• [DATASET ENTRIES]:
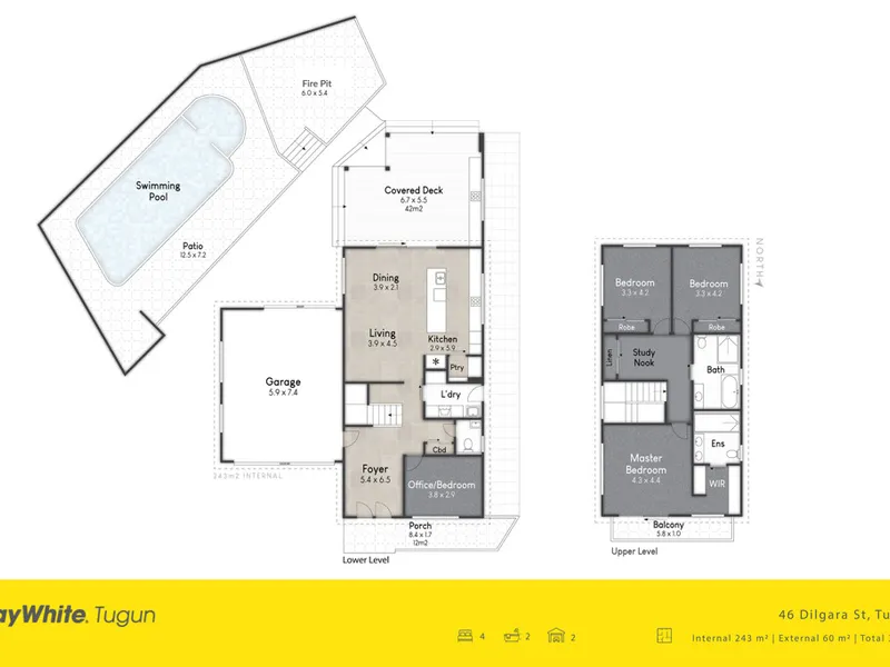 Upstairs, a central study nook connects four well-proportioned bedrooms and a beautifully appointed main bathroom featuring a freestanding stone bath. The master suite offers a peaceful escape, complete with raked ceilings, a private balcony, walk-in robe and luxurious ensuite. A downstairs powder room services the lower level.
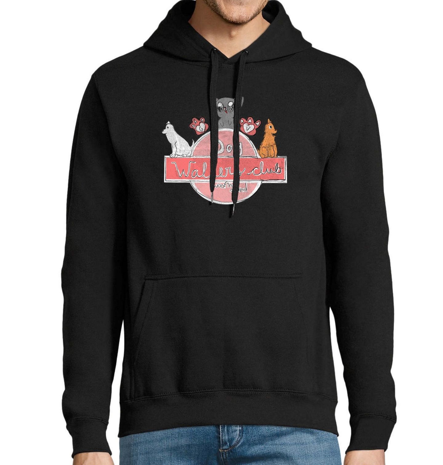 Pánská mikina Klub venčitelů psů. „Dog Walkers Club“ = Klub venčitelů psů, „woofin around“ = štěkající kolem / courající se (volně přeloženo: „touláme se se psy“). Tento motiv spojuje radost z pohybu, přátelství a lásku ke psům, ať už jde o každodenní venčení nebo víkendové výlety do přírody. Tričko je perfektní pro každého pejskaře.
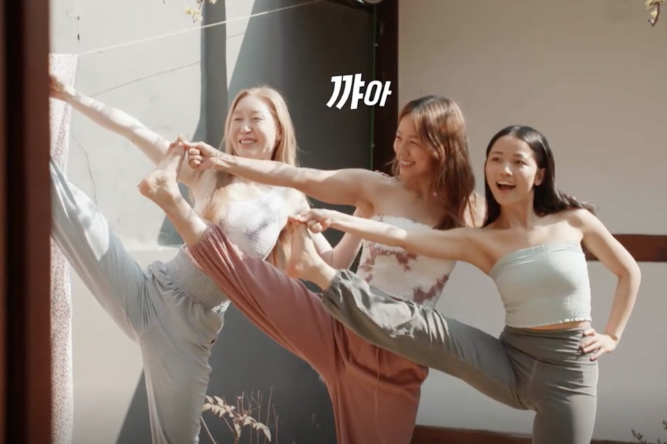 친구들과 함께 찍은 장면도 셋의 조화가 너무 이쁘더라구요. 세분이 입은 요가복도 이쁘고, 세분 모두 너무 잘 어울리시는 것 같아요. 찬드라 제품은 아니고, 다른 브랜드의 제품입니다.
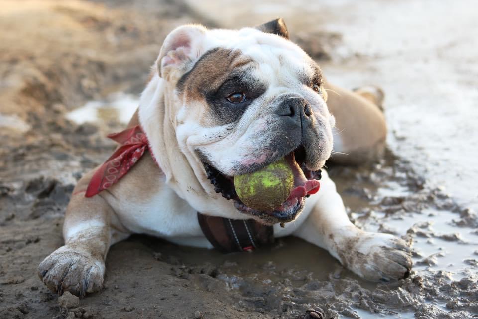 Painting of a bulldog with a red bandana holding a green ball in its mouth.
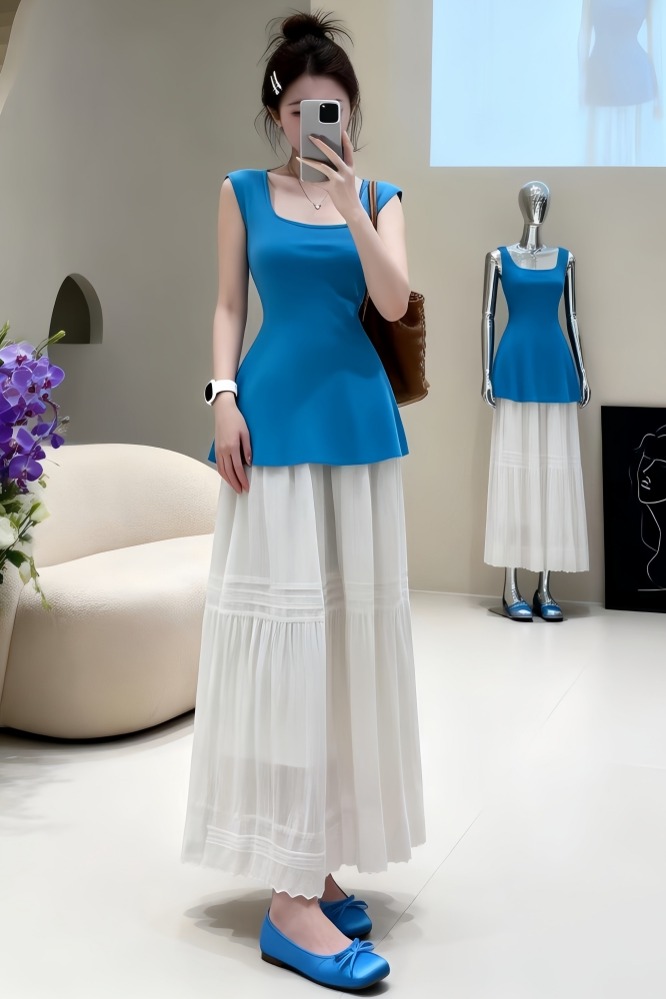 여름 드레스 코디 전체 집합 느슨함 센스 올해 인기 아름다운 빛 요리 한 바람 페이크 레이어드 맨위 반신 스커트 투피스 세트
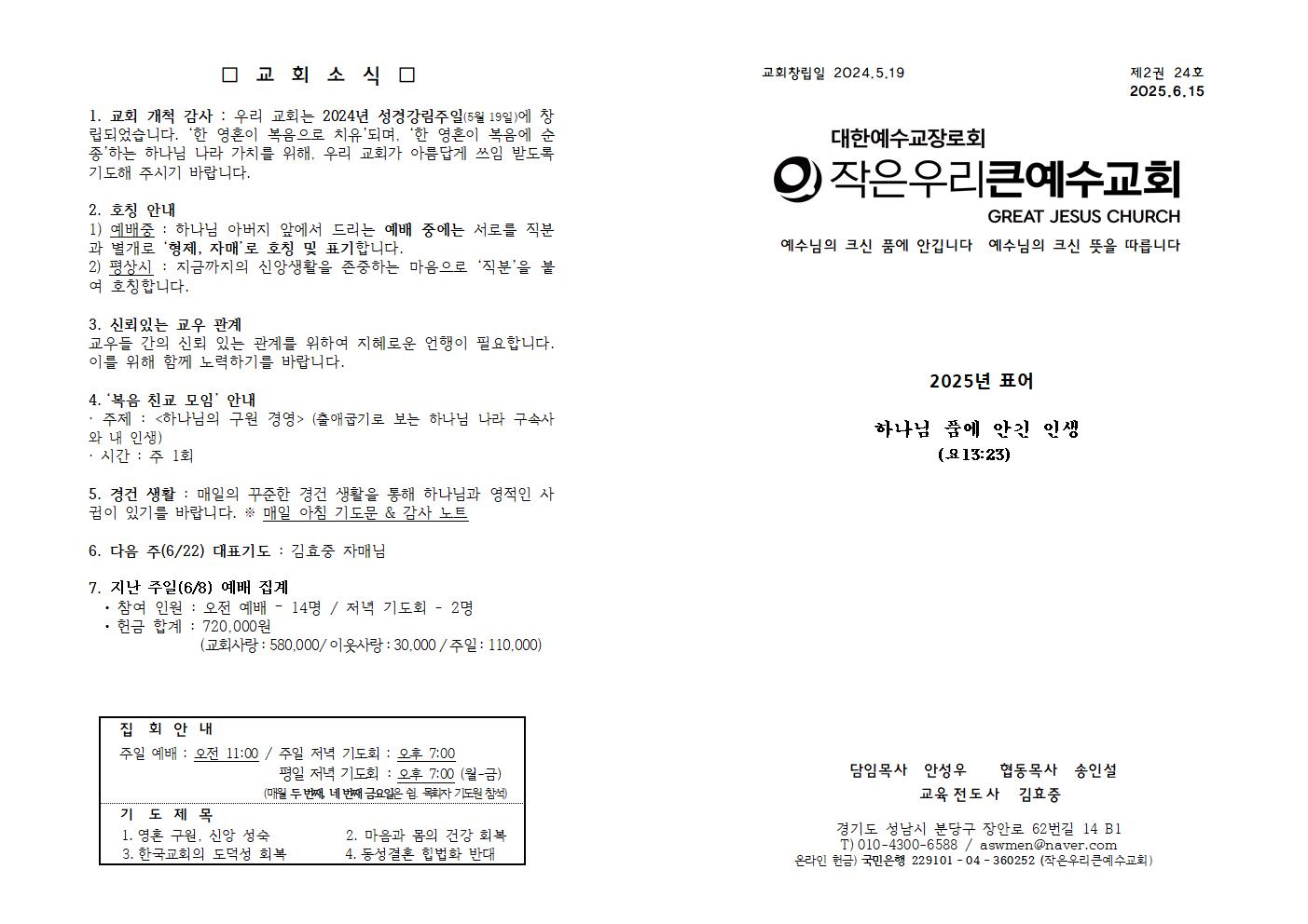 | 6월 29일 (성령강림절 후 셋째 주일) 주보 (0) | 2025.06.29 |
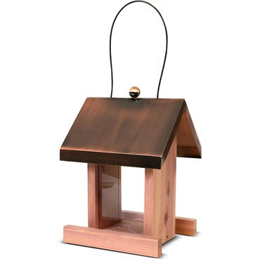 Pennington Cedar Copper Roof Villa Bird Feeder is constructed from beautiful, renewable, weather-resistant eastern red cedar and has a decorative copper roof. This hopper style feeder is ideal for attracting a variety of smaller songbirds and allows for feeding of all seed types. Easy to fill and ready to hang with chew-proof cable.
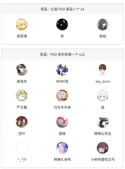 再次感谢 随时可以扭蛋的App-蛋酱 的大力支持并提供奖品,更多FGO周边在线可扭哦
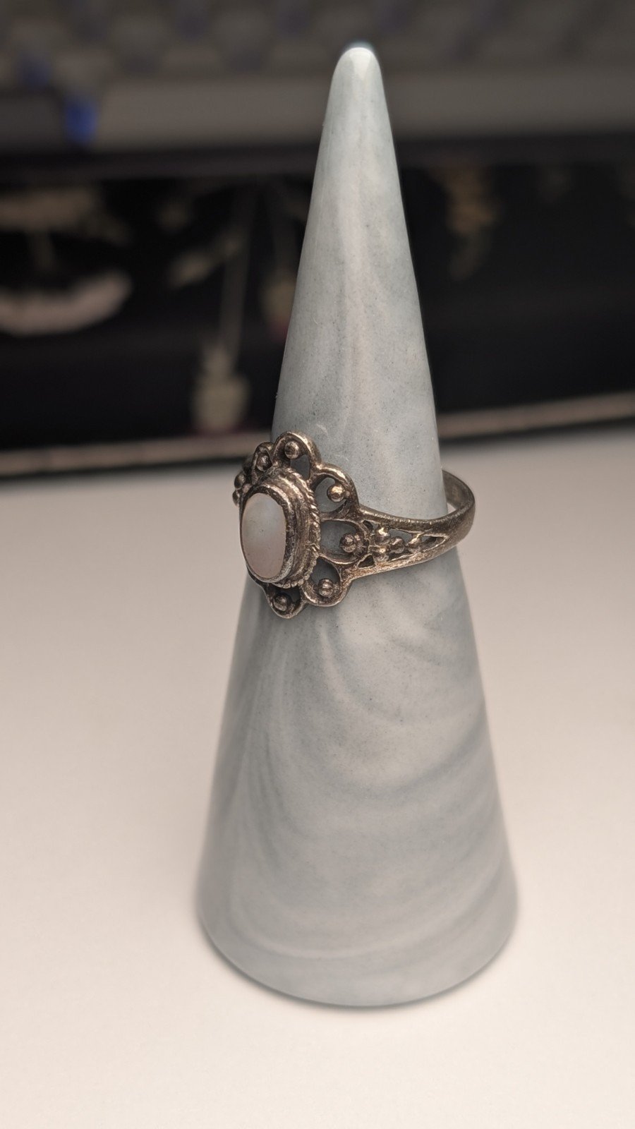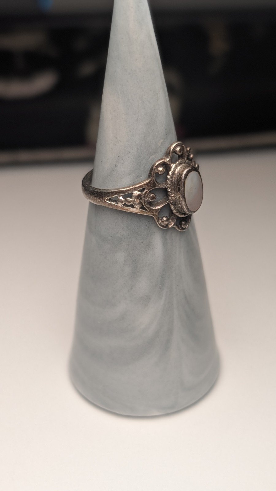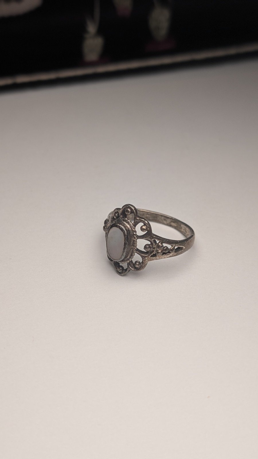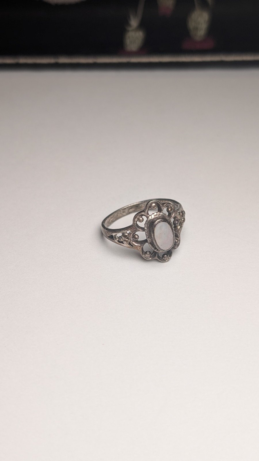 Vintage Sterling Silver Oval Mother Of Pearl Ring | Size L | 925 Silver
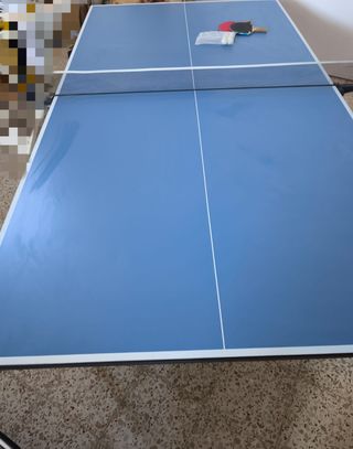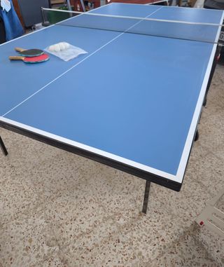 Mesa de ping pong de color azul, ideal para jugar en casa o en espacios recreativos. - Superficie de juego lisa. - Red de tenis de mesa incluida. - Patas plegables para un fácil almacenamiento.
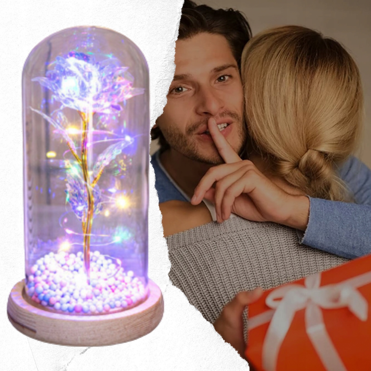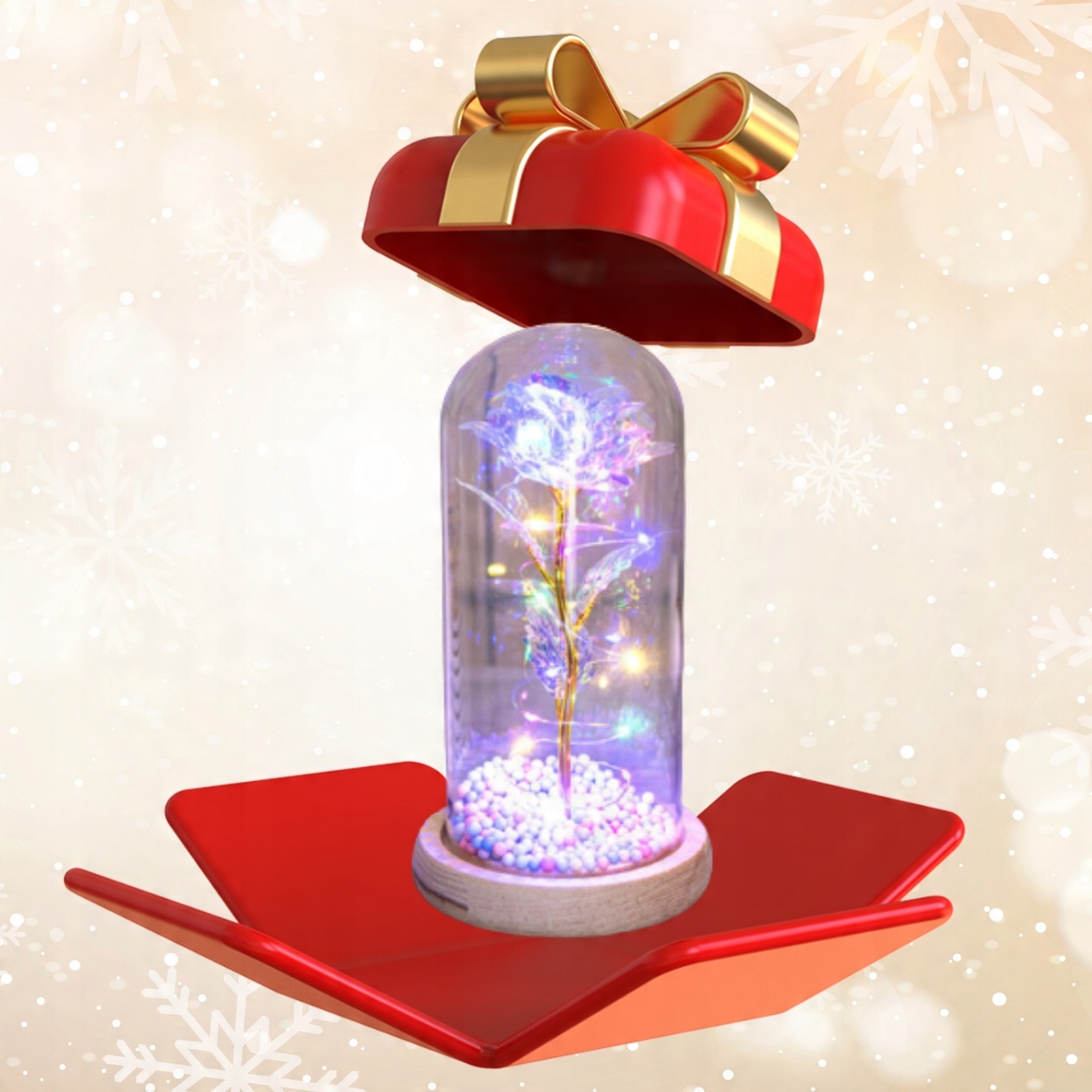 ВЕЧНАЯ РОЗА В СТЕКЛЕ, СВЕТЯЩАЯСЯ СВЕТОДИОДНАЯ КОРОБКА, ИДЕЯ ПОДАРКА ДЛЯ НИКОЛОГА

• [WORK INSTRUCTION]:
What is needed is an exact copy of every entry, minus the images.

• [RESULT]:
 Upstairs, a central study nook connects four well-proportioned bedrooms and a beautifully appointed main bathroom featuring a freestanding stone bath. The master suite offers a peaceful escape, complete with raked ceilings, a private balcony, walk-in robe and luxurious ensuite. A downstairs powder room services the lower level.
 Pánská mikina Klub venčitelů psů. „Dog Walkers Club“ = Klub venčitelů psů, „woofin around“ = štěkající kolem / courající se (volně přeloženo: „touláme se se psy“). Tento motiv spojuje radost z pohybu, přátelství a lásku ke psům, ať už jde o každodenní venčení nebo víkendové výlety do přírody. Tričko je perfektní pro každého pejskaře.
 친구들과 함께 찍은 장면도 셋의 조화가 너무 이쁘더라구요. 세분이 입은 요가복도 이쁘고, 세분 모두 너무 잘 어울리시는 것 같아요. 찬드라 제품은 아니고, 다른 브랜드의 제품입니다.
 Painting of a bulldog with a red bandana holding a green ball in its mouth.
 여름 드레스 코디 전체 집합 느슨함 센스 올해 인기 아름다운 빛 요리 한 바람 페이크 레이어드 맨위 반신 스커트 투피스 세트
 | 6월 29일 (성령강림절 후 셋째 주일) 주보 (0) | 2025.06.29 |
 Pennington Cedar Copper Roof Villa Bird Feeder is constructed from beautiful, renewable, weather-resistant eastern red cedar and has a decorative copper roof. This hopper style feeder is ideal for attracting a variety of smaller songbirds and allows for feeding of all seed types. Easy to fill and ready to hang with chew-proof cable.
 再次感谢 随时可以扭蛋的App-蛋酱 的大力支持并提供奖品,更多FGO周边在线可扭哦
 Vintage Sterling Silver Oval Mother Of Pearl Ring | Size L | 925 Silver
 Mesa de ping pong de color azul, ideal para jugar en casa o en espacios recreativos. - Superficie de juego lisa. - Red de tenis de mesa incluida. - Patas plegables para un fácil almacenamiento.
 ВЕЧНАЯ РОЗА В СТЕКЛЕ, СВЕТЯЩАЯСЯ СВЕТОДИОДНАЯ КОРОБКА, ИДЕЯ ПОДАРКА ДЛЯ НИКОЛОГА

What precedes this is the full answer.